School-to-school and district-to-district, prom rules vary based on regional custom and need. But there are some prom rules that seem to be close to universal. Most are pretty common sense, but it’s better to get an idea of what you’ll encounter before you get too far into your planning process. If your first prom is coming up, here are some restrictions and regulations you might expect.
- Prom tickets or bids may only be available for purchase to members of certain academic classes, usually juniors and seniors.
- Some schools restrict guests to students attending their school only, although most allow outside guests.
- Do not bring any illegal substances of any kind to prom. Don’t plan to spike the punch, spend the evening in the bathroom making bad choices, or buy, sell, or use drugs or alcohol during prom hours. Most schools consider prom an extension of normal school activities and engaging in these behaviors can result in the same consequences as doing them on school grounds.
- Once you arrive, you may not leave and come back again. Schools are clearly avoiding students leaving the venue, committing any violation, then returning to the event, especially in an altered state.

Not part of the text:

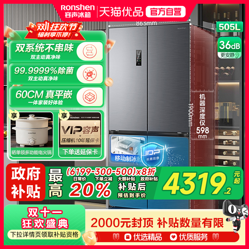 8999容声方糖505L主动双净双系统十字家用四开门超薄嵌入电冰箱制冰R

- Many schools have no refund policies, especially if you are expelled from prom for breaking another rule.
- Dress codes vary widely from school to school but almost always include a requirement for dressing in a semi-formal or formal manner, at a level of modesty appropriate to a high school event, and free from any defaming or inappropriate symbolism or writing.
- While schools cannot necessarily control what you do before or after prom, many issue strong recommendations to parents about avoiding liability in rented limousines or transportation as well as at pre- and post-prom parties by providing present, authoritative monitoring (i.e. chaperones). Parents are also reminded that providing alcohol to minors, even at home, is illegal. Parents can be held legally liable and can be fined or imprisoned for sanctioning underage consumption of controlled substances.
Again, there are many rules that are school-specific, but these are among the most common. Parents would be wise to use them as talking points in coaching acceptable behavior at proms to help students make wise life choices and avoid serious consequences of poor ones.